Material for this exercise:
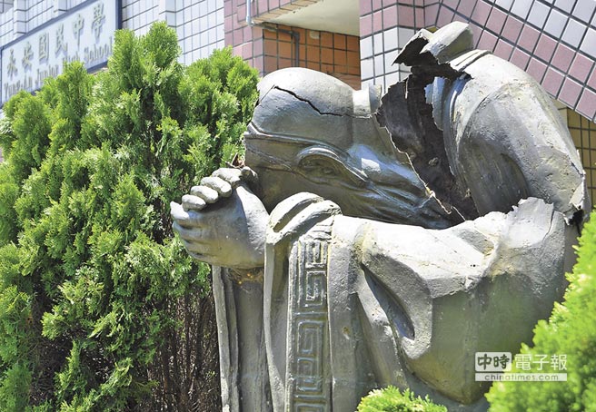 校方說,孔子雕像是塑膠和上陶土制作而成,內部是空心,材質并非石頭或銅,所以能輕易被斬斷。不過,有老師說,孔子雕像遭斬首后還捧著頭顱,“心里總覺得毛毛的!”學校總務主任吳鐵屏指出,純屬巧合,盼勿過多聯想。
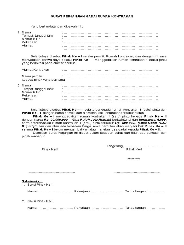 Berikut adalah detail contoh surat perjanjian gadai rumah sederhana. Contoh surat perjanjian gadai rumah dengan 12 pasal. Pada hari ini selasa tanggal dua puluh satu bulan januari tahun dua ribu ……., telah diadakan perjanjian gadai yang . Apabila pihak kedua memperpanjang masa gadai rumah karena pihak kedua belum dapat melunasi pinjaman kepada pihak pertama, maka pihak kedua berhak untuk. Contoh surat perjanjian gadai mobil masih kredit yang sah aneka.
---
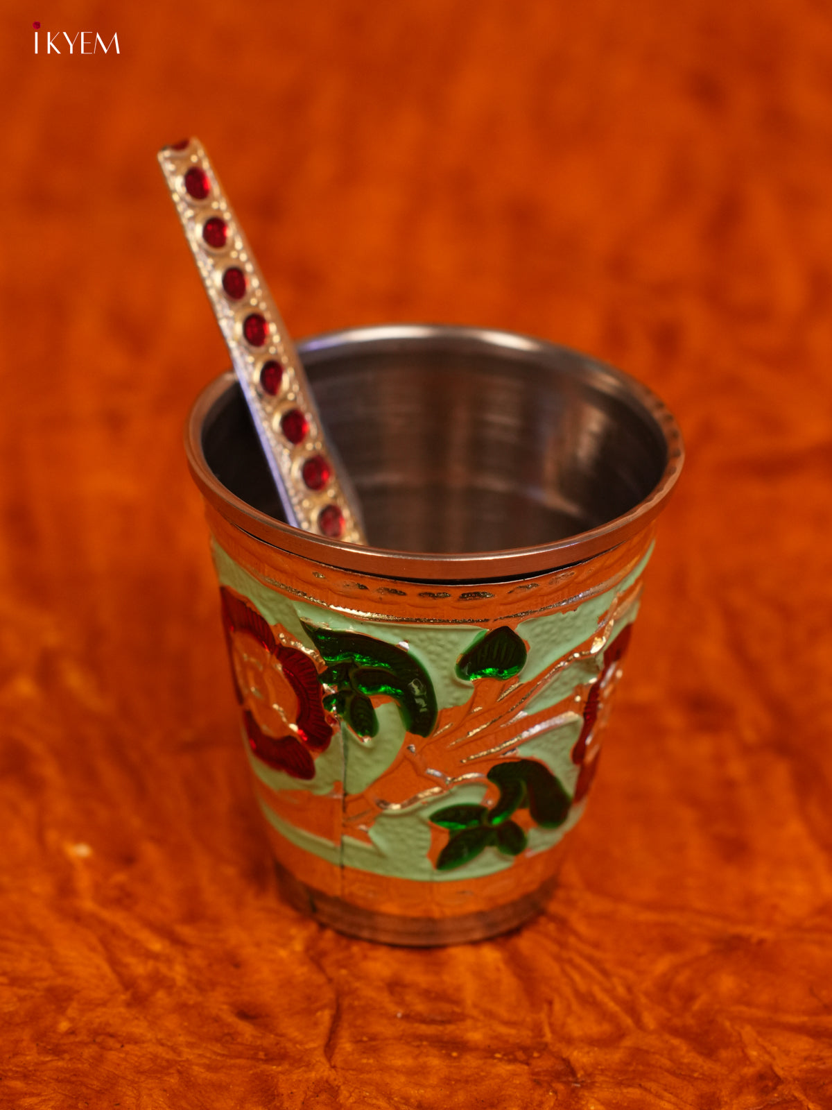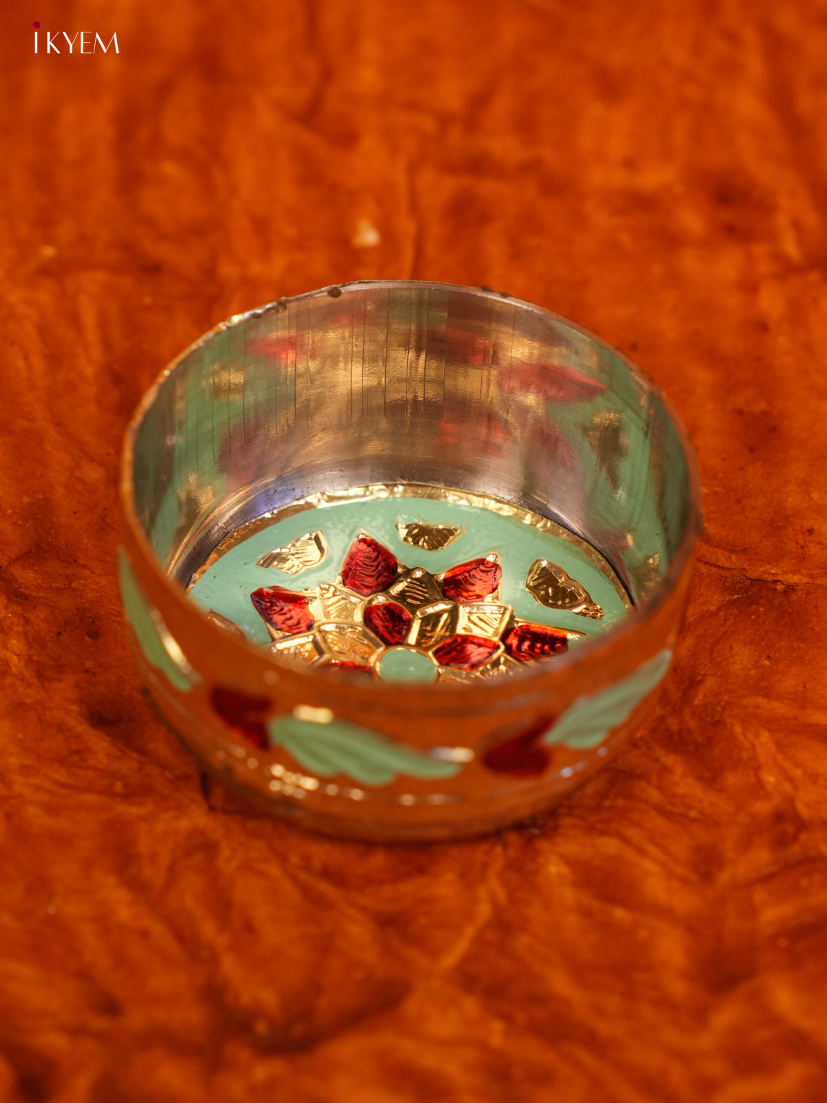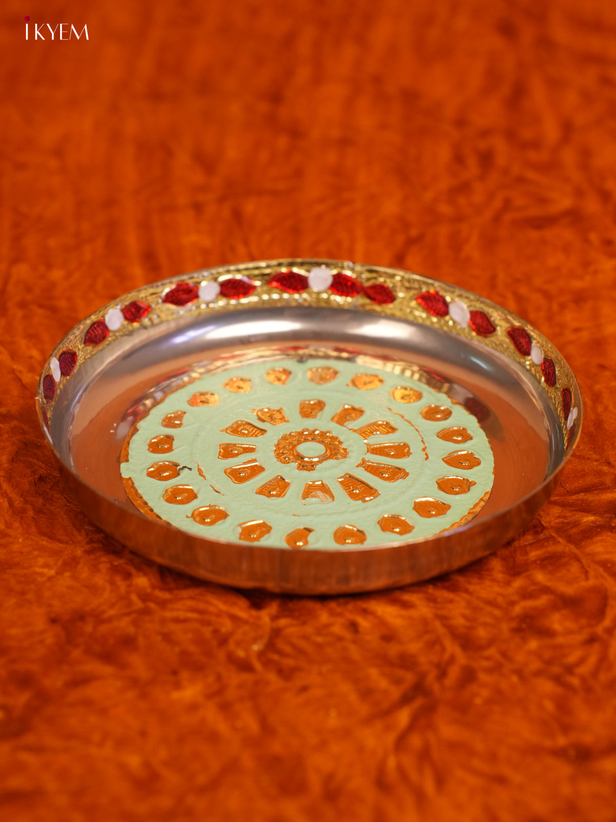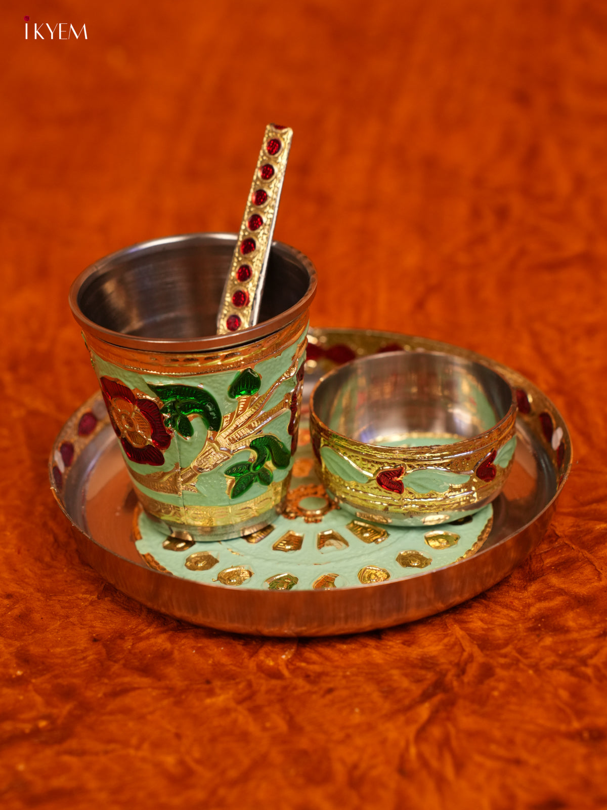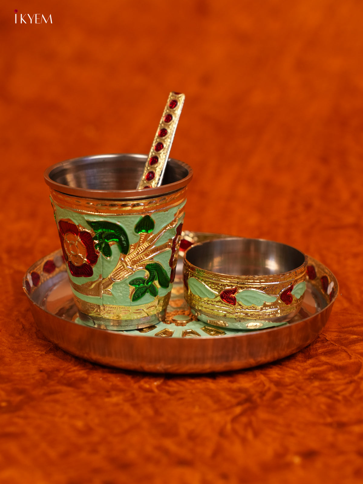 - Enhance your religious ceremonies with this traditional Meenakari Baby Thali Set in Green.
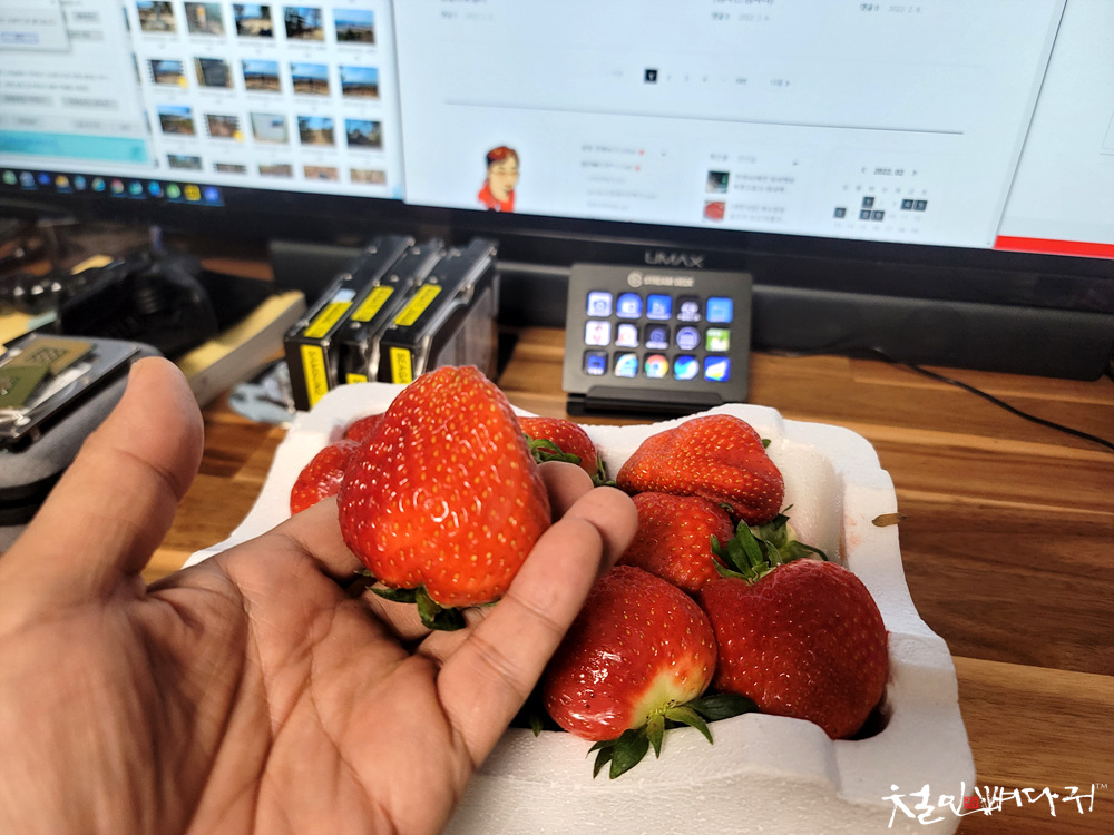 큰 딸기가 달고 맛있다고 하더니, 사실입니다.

Work instruction:
Everything above from the line that has "校方說,孔子雕像是塑膠和上陶" down to the line that has "Berikut adalah detail" should be output exactly, with both of those lines included. Leave the pictures behind.

Answer section:
 校方說,孔子雕像是塑膠和上陶土制作而成,內部是空心,材質并非石頭或銅,所以能輕易被斬斷。不過,有老師說,孔子雕像遭斬首后還捧著頭顱,“心里總覺得毛毛的!”學校總務主任吳鐵屏指出,純屬巧合,盼勿過多聯想。
 Berikut adalah detail contoh surat perjanjian gadai rumah sederhana. Contoh surat perjanjian gadai rumah dengan 12 pasal. Pada hari ini selasa tanggal dua puluh satu bulan januari tahun dua ribu ……., telah diadakan perjanjian gadai yang . Apabila pihak kedua memperpanjang masa gadai rumah karena pihak kedua belum dapat melunasi pinjaman kepada pihak pertama, maka pihak kedua berhak untuk. Contoh surat perjanjian gadai mobil masih kredit yang sah aneka.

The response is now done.